Limitations of Normalization in Attention Mechanism
Timur Mudarisov, Mikhail Burtsev, Tatiana Petrova, Radu State

TL;DR
This paper analyzes the limitations of normalization in attention mechanisms, revealing how it affects token selection and model sensitivity, and provides both theoretical insights and empirical validation using GPT-2.
Contribution
It offers a theoretical framework for understanding normalization effects in attention, highlighting issues with token distinguishability and training sensitivity, and suggests directions for more robust attention designs.
Findings
Increased selected tokens reduce token distinguishability.
Softmax normalization causes gradient sensitivity issues during training.
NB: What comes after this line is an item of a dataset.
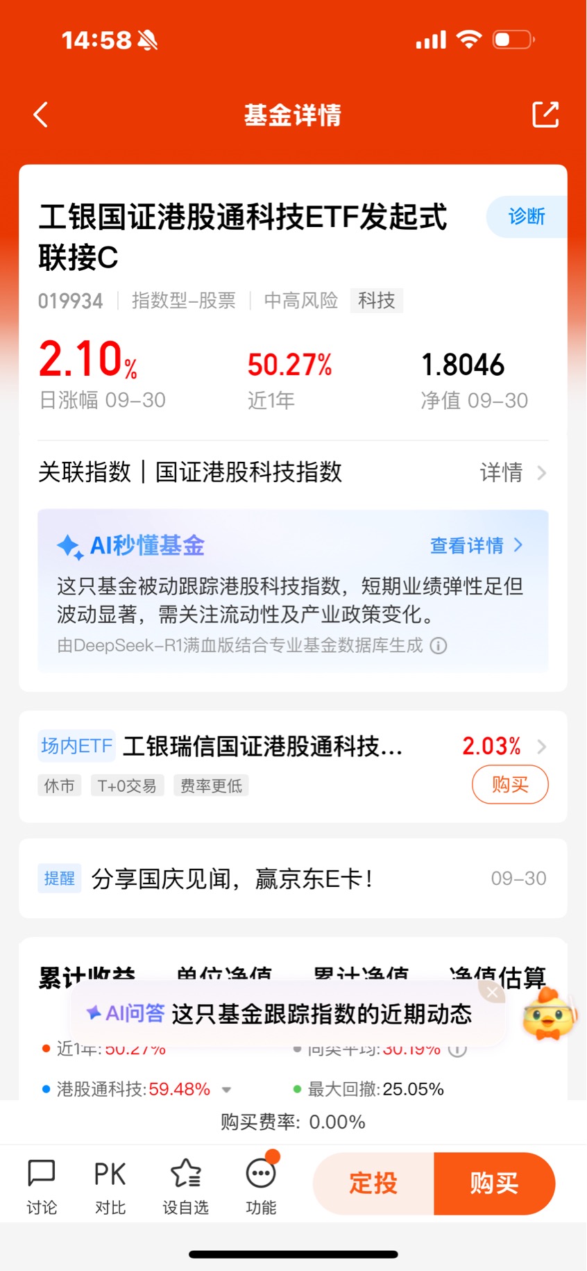 #分享国庆见闻、晒收益、瓜分好礼!#打卡第八天,我看好$工银国证港股通科技ETF发起式联接C$长期投资价值。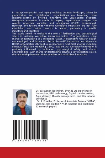In today's competitive and rapidly evolving business landscape, driven by globalization and digitalization, organizations are becoming more customer-centric by offering innovative and value-added products. Workplace innovation is crucial in helping organizations navigate the volatile, uncertain, complex, and ambiguous (VUCA) environment. However, the factors that enhance workplace innovation are not fully established, and further research is needed, particularly in specific industries and countries.This study aimed to evaluate the role of facilitation and psychological safety in fostering workplace innovation within IT organizations, using shared understanding as a mediating factor. A descriptive research design was employed, and data was collected from 431 innovation practitioners in IT/ITES organizations through a questionnaire. Statistical analysis, including Structural Equation Modelling (SEM), revealed that workplace innovation is positively influenced by facilitation, psychological safety, and shared understanding, with shared understanding playing a key mediating role in the relationship between these enablers and workplace innovation.

Model tends toward uniform token selection as token count grows.
Abstract
This paper investigates the limitations of the normalization in attention mechanisms. We begin with a theoretical framework that enables the identification of the model's selective ability and the geometric separation involved in token selection. Our analysis includes explicit bounds on distances and separation criteria for token vectors under softmax scaling. Through experiments with pre-trained GPT-2 model, we empirically validate our theoretical results and analyze key behaviors of the attention mechanism. Notably, we demonstrate that as the number of selected tokens increases, the model's ability to distinguish informative tokens declines, often converging toward a uniform selection pattern. We also show that gradient sensitivity under softmax normalization presents challenges during training, especially at low temperature settings. These findings advance current understanding of…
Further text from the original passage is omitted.